Rosy Projections Inspire False Confidence

Christina Romer, the Chair of the President’s Council of Economic Advisers, and Jared Bernstein, Chief Economist of the Office of the Vice President, provided estimates of the simulative effects of increased government spending in the United States in a recent paper. They claim that President Obama’s recent $700+ billion stimulus package, which will incur mountains of debt to expand government spending to compensate for declining consumer spending, will increase real GDP by 1.6 times the amount spent by the government. Based on research by Cogan, Cwik, Taylor, and Wieland of the National Bureau of Economic Research, “new Keynesian” macroeconomic models that are empirically estimated and tested depict a vastly different outcome.

The “new Keynesian” models incorporate rational expectations by individuals and firms and some degree of price rigidity in their framework, thereby enabling changes in behavior over time in response to policy decisions. Additionally, Romer and Bernstein assume that the current historically low interest rate environment persists for the entire duration of their simulation which is inconsistent with assumptions of forward-looking households and rational inflation expectations.
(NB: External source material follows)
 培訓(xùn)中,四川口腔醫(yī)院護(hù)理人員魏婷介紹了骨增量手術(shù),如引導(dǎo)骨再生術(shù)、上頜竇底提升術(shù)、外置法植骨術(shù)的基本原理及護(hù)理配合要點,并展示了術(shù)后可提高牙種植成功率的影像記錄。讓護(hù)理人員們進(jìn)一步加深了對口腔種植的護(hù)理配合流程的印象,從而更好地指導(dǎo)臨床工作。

The stimulus package, unlike those of other nations that have focused largely on infrastructure investments, contains significant tax rebates, transfer payments, and state and local government support. It is questionable if this type of “stimulus” will result in additional purchases or simply finance previously planned spending and debt retirement. Regardless, the “new Keynesian” models predict that after a very marginal impact in the first year, the government spending multipliers are less than one as consumption and investment are crowded out and people adapt their expectations to incorporate increased taxation, higher interest rates, and the likelihood of inflationary pressures. Such a result suggests that additional government spending is actually destructive to GDP growth as opposed to expansionary. Additionally, the NBER’s models estimate an increase in employment of 0.5 million people as a result of the stimulus package which is much less than the 3.5 million projection of the Obama administration and less than the average number of jobs lost in just one month in 2009.
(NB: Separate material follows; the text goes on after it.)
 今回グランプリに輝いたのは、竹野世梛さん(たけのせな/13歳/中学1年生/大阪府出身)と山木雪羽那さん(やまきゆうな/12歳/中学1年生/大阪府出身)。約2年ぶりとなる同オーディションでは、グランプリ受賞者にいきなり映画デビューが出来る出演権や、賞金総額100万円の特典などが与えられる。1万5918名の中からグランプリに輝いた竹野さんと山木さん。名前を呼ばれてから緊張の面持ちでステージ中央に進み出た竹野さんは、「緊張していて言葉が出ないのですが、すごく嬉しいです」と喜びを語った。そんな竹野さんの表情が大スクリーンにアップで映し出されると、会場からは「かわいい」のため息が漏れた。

It seems that Obama, in an effort to support his wealth redistribution agenda, has embraced the rosy projections of economic models that are based on unrealistic assumptions and fail to be validated by other commonly accepted models. Under the guise of impending economic disaster, the administration will continue to use fear to enable it to push its ideologies on an unsuspecting and fearful populace. In the end, the rich and the poor will end up paying for his reckless spending and dangerous policies.

1 comment:

Anonymous said...

There is a solution to our economic crisis. Ditch Keynes faild theories and adopt the Austrian School
of Economics.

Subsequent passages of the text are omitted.